TIMES, TIME, AND HALF A TIME. A HISTORY OF THE NEW MILLENNIUM.

Comments on a cultural reality between past and future.

This blog describes Metatime in the Posthuman experience, drawn from Sir Isaac Newton's secret work on the future end of times, a tract in which he described Histories of Things to Come. His hidden papers on the occult were auctioned to two private buyers in 1936 at Sotheby's, but were not available for public research until the 1990s.



Wednesday, December 28, 2011

Time Landscape

Google streetview of Time Landscape (2011). Image Source: Google via Cryptoforestry.

In the run-up to the holidays, I was reading a back issue of the now-defunct and sadly-missed Gourmet magazine. The December 1990 issue covered the Time Landscape, an art installation built in Greenwich Village, NYC, in the 1970s by Baby Boomer artist, Alan Sonfist.

Time Landscape (1978) was conceived as one of the first environmental art pieces.  It constituted an effort to recapture a lost, pre-colonial landscape at the corner of West Houston Street and LaGuardia Place. Sonfist hired historians, botanists and various scientific researchers to replant indigenous plant species, including trees and wildflowers like violets and Black-Eyed Susans, on a small area of land in Manhattan.  This effort saw, he claimed, the return of bird species to the area, such as hummingbirds, not seen there since the days of New Amsterdam.

Image Source: peeepl.

The origins of Time Landscape did not lie in 60s' enviro-ideology but in an attempt to recapture a personal memory from the late 1940s.  A native New Yorker, Sonfist grew up at a time when one of New York City's last patches of wild forest still survived in the South Bronx:
As he described it, the concept for the project originated in the mid-sixties and grew out of his memories of a forest he had known during his early childhood in the South Bronx.  "It was a ravine next to the Bronx river," he recalled, "and it was one of the last true forests anywhere in the city until it was paved over with concrete. (Gourmet magazine, December 1990, p. 85)

Time Landscape from above in 2005. Image Source: Viza 629.

Sonfist had a few hits and misses in this period:
Sonfist himself achieved a small measure of notoreity during the seventies by attempting, somewhat prematurely, to donate the "work" he was most physically involved with - his mortal remains - to the Museum of Modern Art, an institution with which he had maintained reciprocally cordial relations until then. (Gourmet magazine, December 1990, p. 81)
Sonfist's message must have been an attack on the art canon, perceived at that time as a rigid, timeless and unchanging body of immortal works.  This attack soon became the working norm among Postmodern aritists (as, for example, here).  Sonfist was clearly interested in presenting works of art as objects that would capture something essential about the artist's reality, while acknowledging that the art piece itself would have a separate existence that would evolve over time, whether through natural degeneration, or in this case, organic growth.
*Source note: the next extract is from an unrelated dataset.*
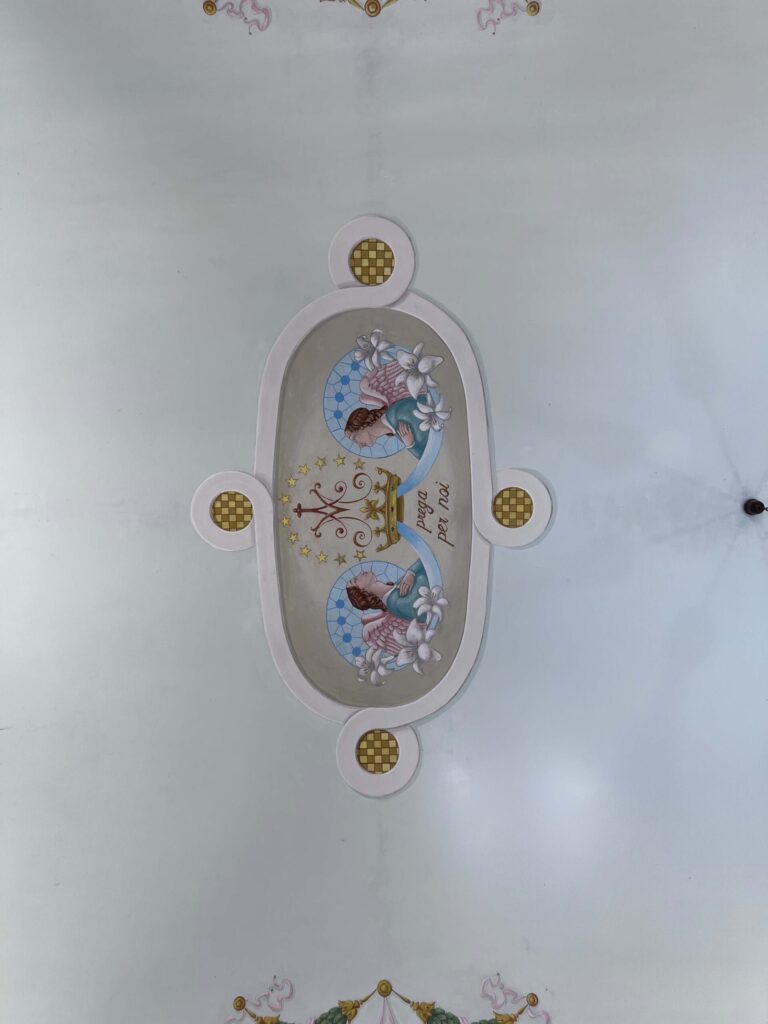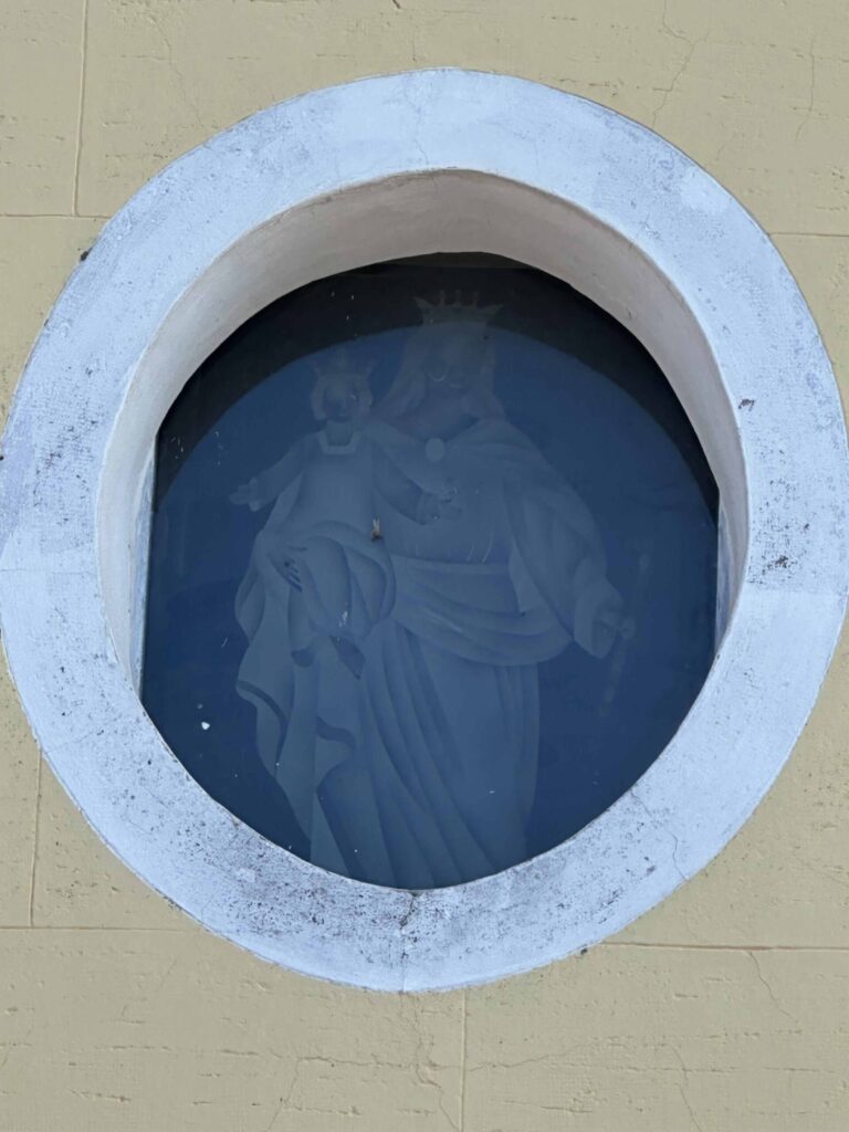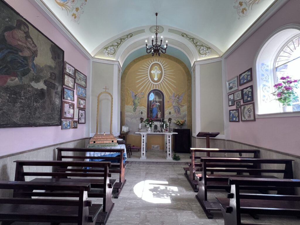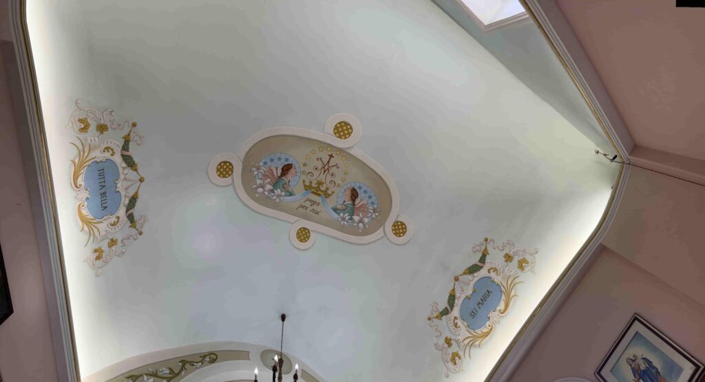 L’interno è raccolto, intimo, e curato nei minimi dettagli. L’altare, decorato con affreschi luminosi e angelici, ospita la statua della Madonna dell’Aiuto con il Bambino, entrambi incoronati, simbolo di protezione e speranza. La luce naturale che entra dalle finestre rende l’ambiente ancora più accogliente.

And yet, that chronal process was cleverly encapsulated in the form of a time capsule; moreover, the planted pre-colonial forest looked so innocuously at home that most passersby didn't even notice it. When faced with a true time warp, would we even register it?
The artist had agreed to meet an interested party at the corner of Houston and LaGuardia Place one afternoon last summer [in 1990].  The visitor arrived early and spent a quarter of an hour strolling around the periphery of "Time Landscape," which didn't look as incongruous in the setting as he'd expected it would. Indeed, the patch of woodland seemed the single element in view that unequivocally belonged where it was. As the visitor peered westward through a bosky stand made up of sassafras, maple, beech, red cedar, birch, and several varieties of oak and evergreen shrub, the sound of tractor-trailers rumbling along Houston seemed to fade away, and the commercial establishments lining the west side of LaGuardia Place - Lilien Hardware & Supply Corp., Village Postal Center, Reno Fashions, West Broadway Cleaners, Number 1 Son Chinese Restaurant, Bruno Bakery, Tutta Pasta Ristorante, International Boutique ("est. 1969") - seemed ghostly presences from another, later time. (Gourmet magazine, December 1990, p. 85)
Sonfist later has gone on to do other landscape projects, such as The Lost Falcon of Westphalia on Prince Richard's estate outside Cologne, Germany (2005).

-This post is for -N.


1 comment:

  1. I like you blog man, thanks for you time to make this. I am very interesting in the work of Sonfist, ann epecially this one.